その光景を、その場に居た者は全員が目に入れていた。

崩れ落ちる石橋、その欠片が瓦礫となって奈落へと向う。その光景の中に南雲ハジメも居たのだ。それでも、誰もが手を差し伸ばす事すら出来なかった。人として設計されている以上、情報が混雑を起こしてしまう。

しかし、ヒトの脳は非常に優秀だ。ハジメの姿が奈落へと消え、ベヒモスの断末魔が一片も響かなくなった途端に、漸く今の状況を理解する事が出来た。

 

 

「守らなきゃ……」

 

 

最も早く冷静になったのは白崎香織だった。

ハジメに惹かれ、月下の元で確かな絆を結んだ彼女。本当だったら今直ぐにでも叫び出したい様な残酷な現実。

しかし、彼女は目の前の状況に向き合うだけの精神力を持ち得ていた。それは偏にハジメに対する親愛と狂愛。白崎香織は何の躊躇いも無く、石橋があった虚空に向かって走り出す。

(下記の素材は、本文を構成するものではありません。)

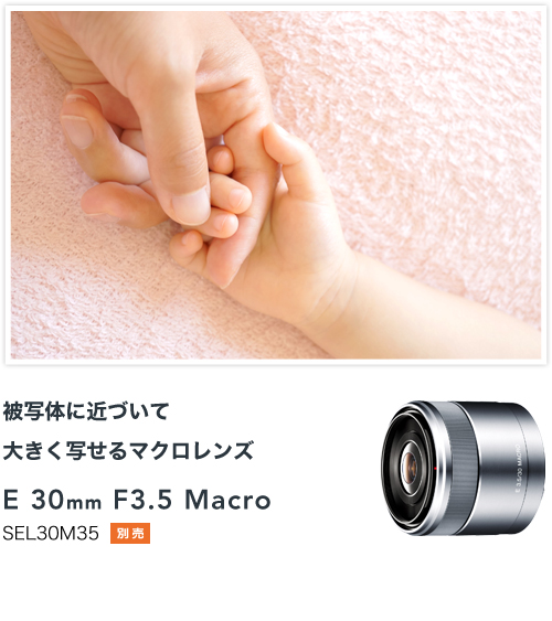 キットレンズのE PZ 16-50mm F3.5-5.6 OSS(*)、E 55-210mm F4.5-6.3 OSS(*)をはじめ、超広角ズームレンズのE 10-18mm F4 OSS、単焦点レンズのE 35mm F1.8 OSSなどには、光学式手ブレ補正機能を内蔵。さまざまなシーンで気になる手ブレをしっかり抑えて、クリアな画質でキレイに残せます。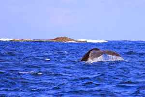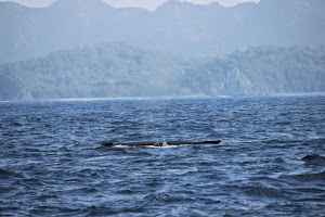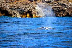 1日コース。 まずは北上していると、早速ザトウクジラを発見! 親子とエス …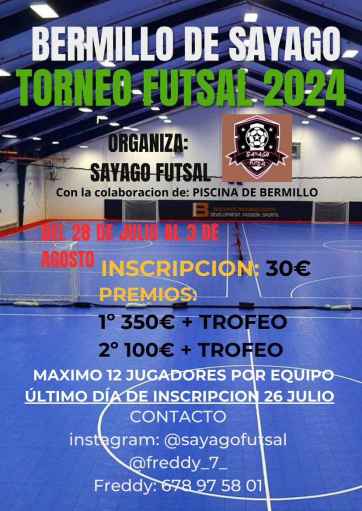 19:00 Inicio del Torneo de Futbito «Villa de Bermillo 2024) con un primer premio de 350 euros y trofeo y un 2º de 100€ y trofeo. Inscripción de 30€ que se debe abonar antes del comienzo de la competición.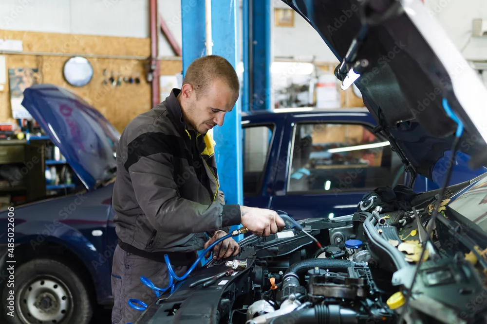 Handsome mechanic in uniform is working in auto service garage. Repair service.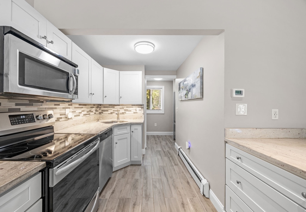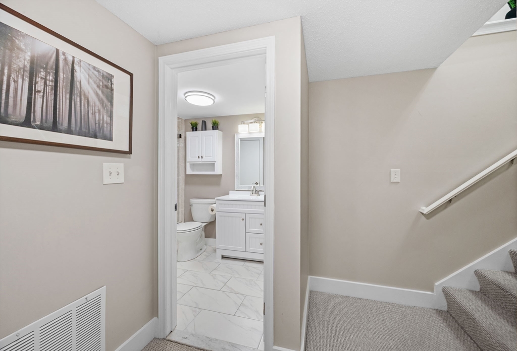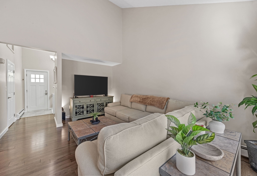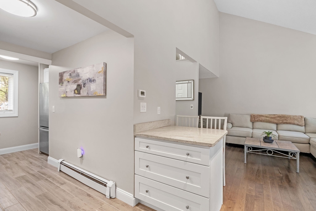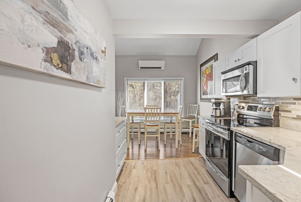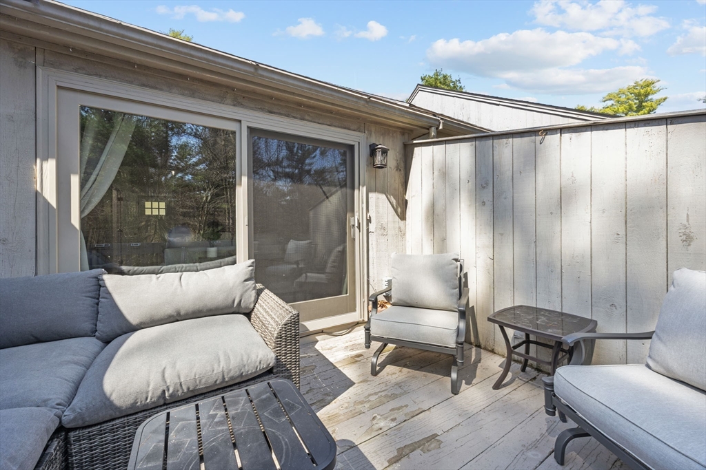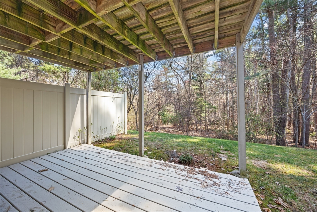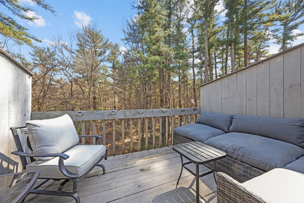 Look at this value in Duxbury! Desirable townhome in sought-after Trout Farm community. Unit is sparkling and has many updates, including beautiful quartz counter tops, newer appliances, gleaming hardwood floors, and more! This is two level living with an open first floor connecting kitchen, dining and living area - also contains a half bath and a back porch overlooking quiet back yard and forest. Downstairs includes two generous-sized bedrooms with walk-out access to back yard and full bath. Worth a look, and perhaps a "welcome home"!

その様子にメルド、そして天之川たち仲の良い集団が正気に戻り、香織を行かせてはいけないと言う思考に至る。それでも、思考は思考のままで、現実にはならなかった。

 

 

「香織!駄目!」

 

 

動けたのは、たった一人だった。

長く後ろに結われた黒髪の纏まりが、無風の空気を泳ぐ。その持ち主である八重樫雫は、親友の細くて酷く女性的な体を強引に背後から抱き締めた。

八重樫雫は知っている。香織が中学生の頃、偶々ハジメと出会い、並々ならぬ想いを持って惹かれていた事に。

けれど、この場で奈落へ行く事に一体なんの意味があるのだろう。どれだけ運が良く、特殊な力を得ていようが、人間なのだ。心臓を抉られれば死ぬし、空を飛ぶ事が出来なければ死ぬ。

 

 

「嫌だ!離してよ!南雲くんは私が!」

 

 

「守らなきゃ」その言葉は続かなかった。何故なら彼女の意識は強制的に現世から剥離されたからだ。

意識を失い、一人で立つ事も出来ない親友を昏い気持ちのままで運ぶ。

八重樫雫には、洞窟の闇が、酷く濁った闇に見えていた。

 

 

 

 

 

 

 

 

 

「王よ……ご報告致します……」

 

 

その夜、メルドは王の執務室へと出向いていた。

幸いな事に、迷宮からの撤退中、強大な魔物に襲われる事は無く、長い道程ではあったが無事に撤退する事が出来た。しかし、メルドにとっての地獄はここからである。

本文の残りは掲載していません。